Chip snorts. “I can’t wait to see you bend this pretzel, Logic Boy.”

“Hear me out. Snagology is the belief that there are pan-Universal reality show viewers who get a perverse kick out of me running into physical and virtual snags. Perhaps when I dream, either these same Viewerverse denizens or maybe the night shift, flip the channels on me to see how well they can confuse me. Or perhaps it’s the maintenance crew, setting me up for the snags of the coming day.”

“Your egomania is beginning to worry me, my friend. Why is it all about you?”

“Good question. The reason I think it’s all about me is because I don’t have objective proof that anyone else exists. Plain and simple. You, my dearest friend, could be a hologram on the Holodeck as far as I know. Or perhaps everybody else on Earth has their own show, their own Snagological Viewerverse. But that doesn’t matter. The only experience I can know, and feel, is my own, so that’s why Snagology is centered on me.”

“OK, you keep on talking about this Snagology religion like it’s a thing.”

“It is. I just put up a website at Snagology.com with my, er, manifesto? Ninety-five theses? What kind of document do you use to start a religion?”

Chip is taken aback. His crazy friend seems to be serious about founding Snagology. What part should I play in this craziness, Chip wondered. Would it be right or more importantly, would it be kind to help Charles in his demented state? “Uh, Charles. Are you pulling my leg? Because if you are, I’ll give you such a smack!”

“I’m as serious as a midget in a nudist colony. I’m as serious as dick cancer. What makes you think I’m not serious?”

“I dunno. After all your railing against religion, it seems counterintuitive that you’d want to start one.”

“If you can’t lick ‘em, lick ‘em. So, you going to help me or what?”

“What. You’re on your own, Slick. I’ve got a religion I am fairly comfortable with. You want to pursue this madness, good luck to you.”
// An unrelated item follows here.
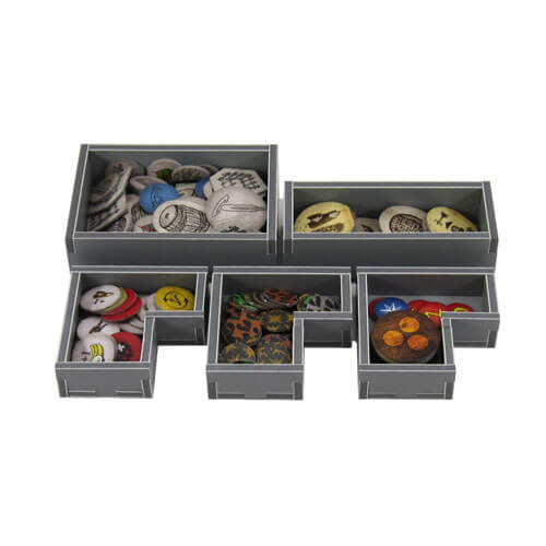 - Plaats compatibel met Robinson Crusoe® en de reis van de Beagle Vol. 1 ® Uitbreiding. Het ontwerp biedt zowel efficiënte opslag als verbeterde gameplay. De trays kunnen tijdens het spel worden gebruikt en ze helpen de opzet en de opruimingstijden aanzienlijk. De regels en boards fungeren als een deksel bovenop de laden. Dit product bestaat uit een flat-pack van 4 evacore vellen. De laden vereisen montage, wat snel en leuk is, met behulp van gewone PVA -lijm. Gedetailleerde instructies zijn opgenomen in het pakket. Opmerking: invoegen ontworpen voor game met externe doosafmetingen van 29,4 x 29,4 x 7,2 cm.

“You want to hear my manifesto?” “Dear, God, no,” Chip says.

“OK, here it is:

I assert that I am the only being in this Universe and the star of a pan-Universal reality show designed to entertain extra-Universal beings who place snags into my life for their amusement.

I challenge all people to prove me wrong and to demonstrate that they too are players for the benefit of the Viewerverse.

I hereby found a religion whose name will be Snagology and which is dedicated to proving or disproving my above theorem and/or collaborate on ways to keep the Viewerverse interested in perpetually renewing my, and/or my compatriots’— if such exist—tenure on this stage

To become a Snagology acolyte, contribute $60 for the first year (PayPal accepted).”

“Oh, that’s just so wrong. So wrong. What’s come over you?” Chip is aghast that Charles has taken this delusion this far.

“I’ve woken up, is all. I’m woke. I can see clearly, now. The scales have fallen from my eyes.”

“Now you’re comparing yourself to Saul? That takes the fuckin’ cake. If you are putting me on, I will murdelize you!” Chip is beside himself with worry at Charles’s unhingedness.